Large, two-and-a-half storey double-pile house of whitened brick construction with painted sandstone quoins; steeply-pitched slate roofs with slab-coped and kneelered gable parapet to the SE corner of the E pile; plain rendered end chimneys. The E, garden-facing pile, retains its early C18 character. The primary section (to the L) is of 5 bays and is symmetrical, with original leaded wooden cross-windows to the ground and first floor with cambered heads; plain stringcourse between the floors. The centre bay has a c1900 2-storey porch, its roof hipped. The ground-floor of this has large 4-pane fixed windows between octagonal corner pillars and a part-glazed entrance to the L return; the upper stage is of painted brick with chamfered corners and has a similar cross-window to the front, as well as the continued stringcourse. Three 2-light leaded dormer windows with hipped roofs to attic. To the R the pile has been extended in the C19 and the roof and stringcourse are continuous. This has a tripartite sash window of 12-panes flanked by 4 to the ground floor with cambered head; above is a 12-pane first-floor sash.

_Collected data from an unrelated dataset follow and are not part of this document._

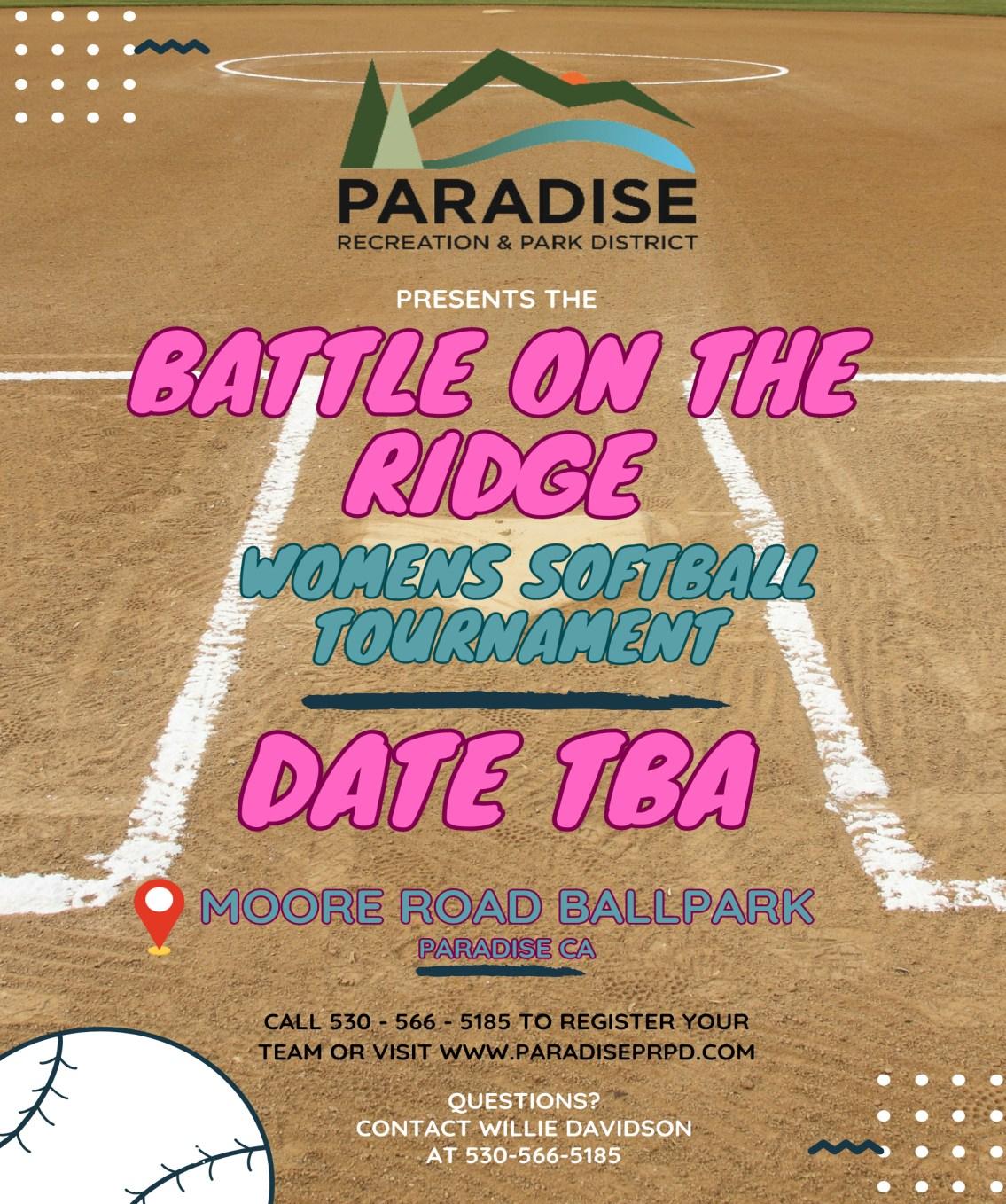 Time to bring tournament softball back to the Ridge. This ongoing Paradise tradition had been going 16 years prior to the Camp Fire and it’s time to bring it back to the Ridge. This will be the second of three softball tournaments scheduled. This will be the Battle of the woman’s weekend. Structure of this tournament to be determined by instructor by tournament date.
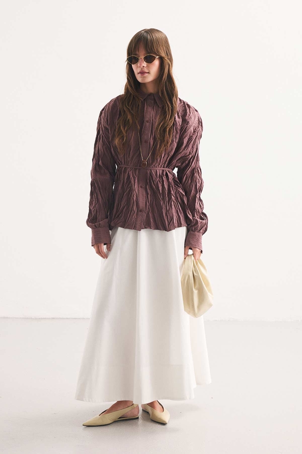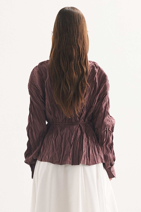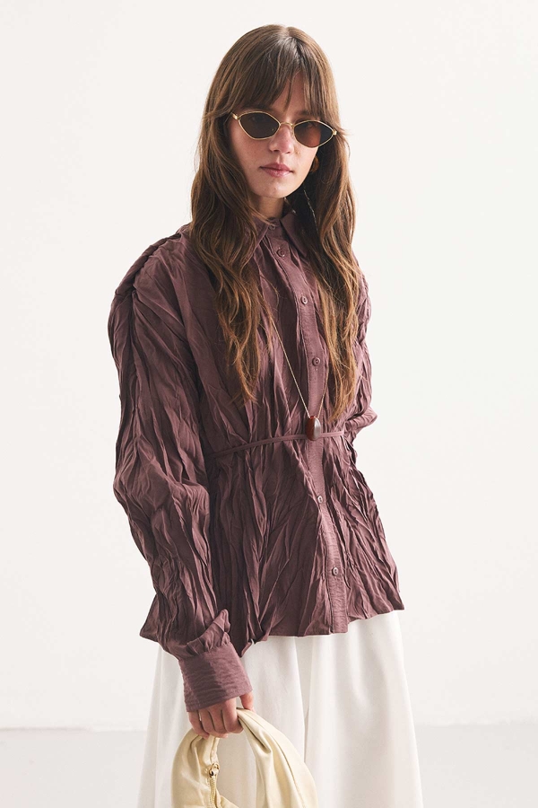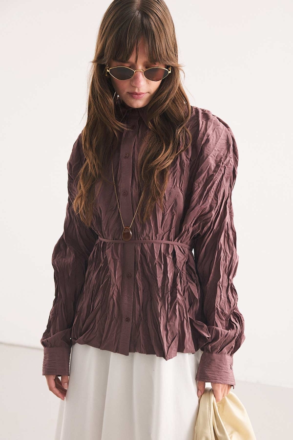 Shirt collar, front button closure, self-fabric tie belt, regular fit, crush texture shirt.
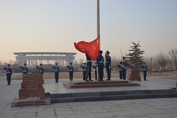 在雄浑的国歌声中,国旗护卫队的队员们踏着矫健的步伐,手擎国旗迈向国旗台,将鲜艳的五星红旗冉冉升起。公司师生庄严肃立,齐声高唱国歌,注视着国旗沐浴清晨的阳光,迎风飘扬。
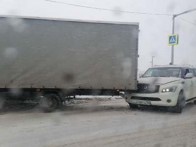 Один из очевидцев прислал в редакцию «Столицы 58» фотографии с места происшествия. На них видно автомобиль марки «Infiniti», который въехал в заднюю часть грузового авто.
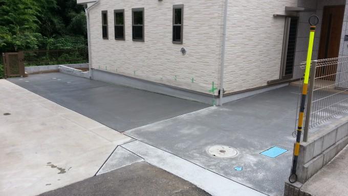 駐車場スペースのコンクリート工事・フェンス・門扉・玄関タイル 凝ってはいませんが、お客様の意向でいたってシンプルに
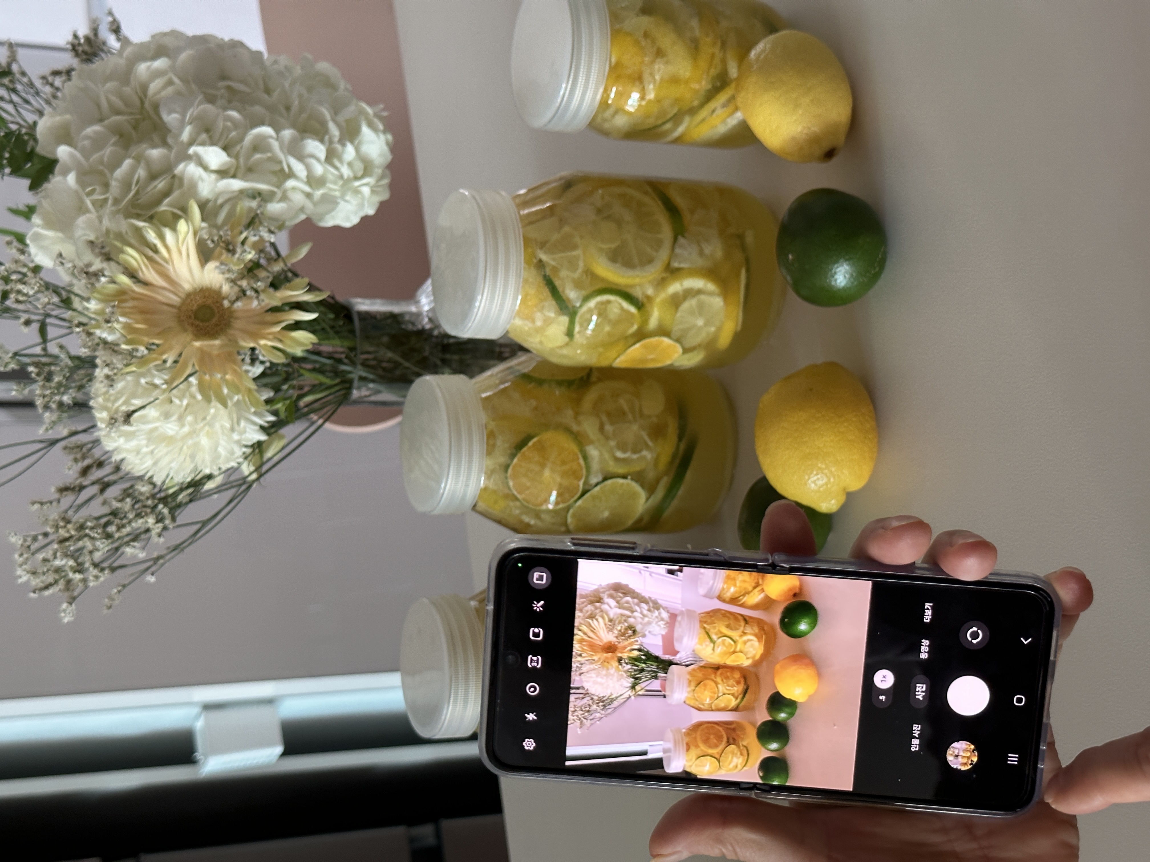 그래서 마침에 집에 청귤도 있어서 레몬만 후딱 주문해서 엄마랑 도란도란 이야기나누며 청귤레몬생강청을 담았네요. 다 만들고나서 엄마는 너무 이뿌다고 사진도 찍으시더라구요~
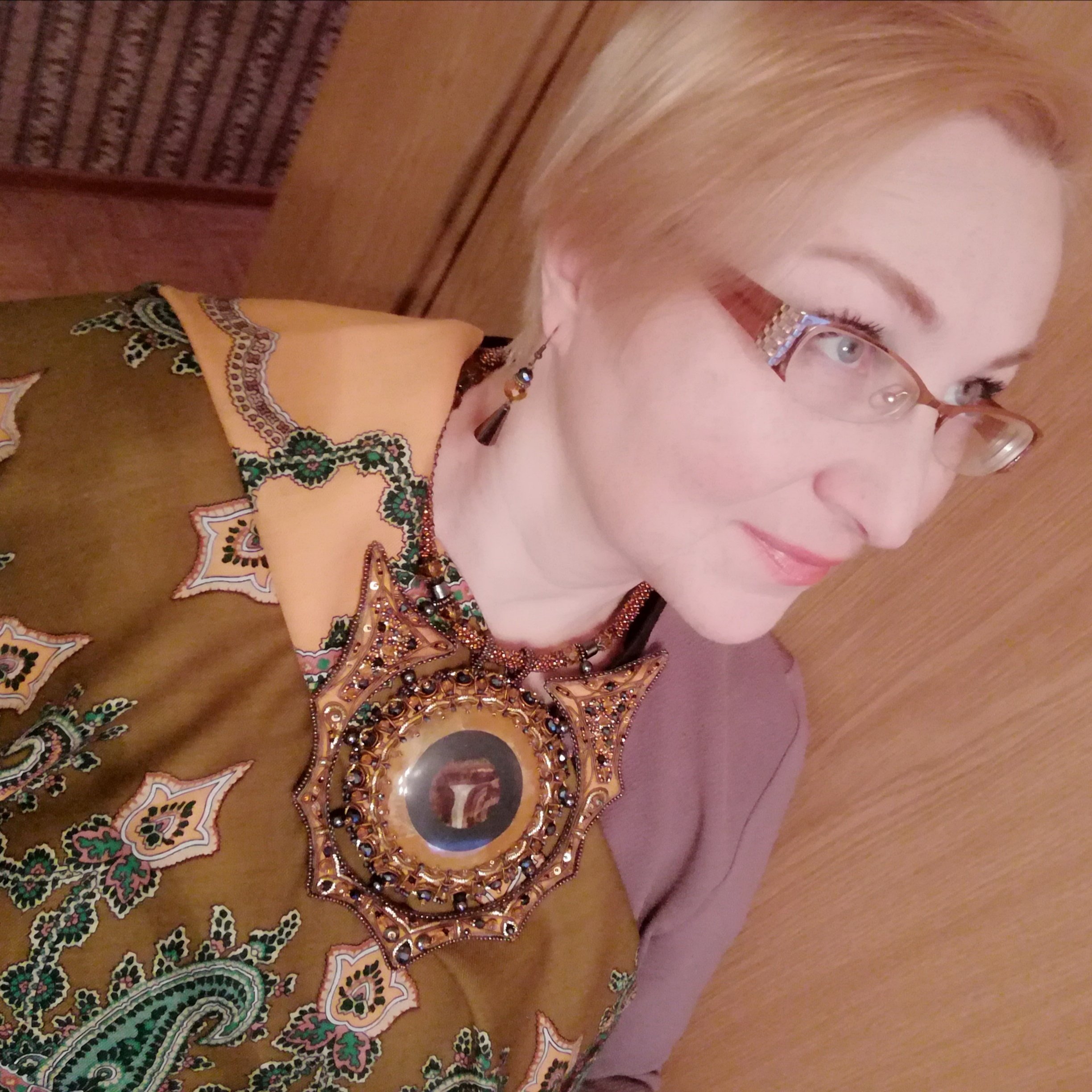 . Сложный колорит, не всем идет, а на вас гармонично смотрится. Украшения очень понравились. Бусы из перламутра?
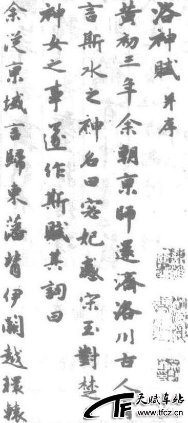 元赵孟頫书法帖。纸本墨迹卷,帖高29厘米,横22.9厘米。书法透逸精严,绝天沓拖偏侧之失,是存世赵书之精品。王觉斯跋称:“光怪夺目,真沉泗之鼎复现人间。”卷后有李路、王铎等跋。今藏北京故宫博物院。赵氏另有《洛神赋》一卷,系其早期之作,运笔结字稍雅嫩。今藏辽宁博物院,有影印本行世。

The front (W) pile has a c1900 appearence. The primary section (to the R) is of three bays and is symmetrical, with a central entrance flanked by wide single-storey canted bays; these have plain sashes with single 4-pane sash windows to the first floor. The entrance is of tripartite type with 4-panel door and flanking narrow sections, with glazed upper parts and panelled dados; glazed 3-part overlight. Above the entrance is a gabled, jettied projection, supported on corbelled piers and giving the impression of a storeyed porch. This has a sash window as before with plain bargeboards and finial and applied decorative timber framing. To the L is a further, slightly-recessed bay with square first-floor oriel; this is of timber with 3-light plain mullioned and transomed window and has similar applied timber framing to its lower section. Storeyed, hipped-roofed addition to far L with entrance to E.

Interior

The orientation of the house was reversed in the C19; the rear pile (E) therefore represents the front of the early C18 house. Within the porch is an ex-situ section of oak beam with the date 1708 and initials WT carved in relief. Full-height 3-storey narrow oak well stair (relegated to back stair in the C19) with square newels with flat capping, turned balusters and moulded rail. Original raised and fielded panelled window shutters to the left hand ground and first-floor rooms; there is a high percentage of original (?) crown glass to the first-floor windows, some with etched graffiti and their scrolled ironwork is also apparently original. 5-bay attic with two plain collar trusses (apparently earlier and reused) and two original pegged oak doorcases with plank doors. The front pile has wide moulded architraves and 6-panel doors together with a late Regency stair with balustraded first-floor gallery; this has stick balusters, a mahogany rail, scrolled tread-ends and columnar newels.

Reasons for Listing

Listed for the special historic interest of its well-preserved early C18 rear pile which remarkably still retains its leaded cross-frame windows.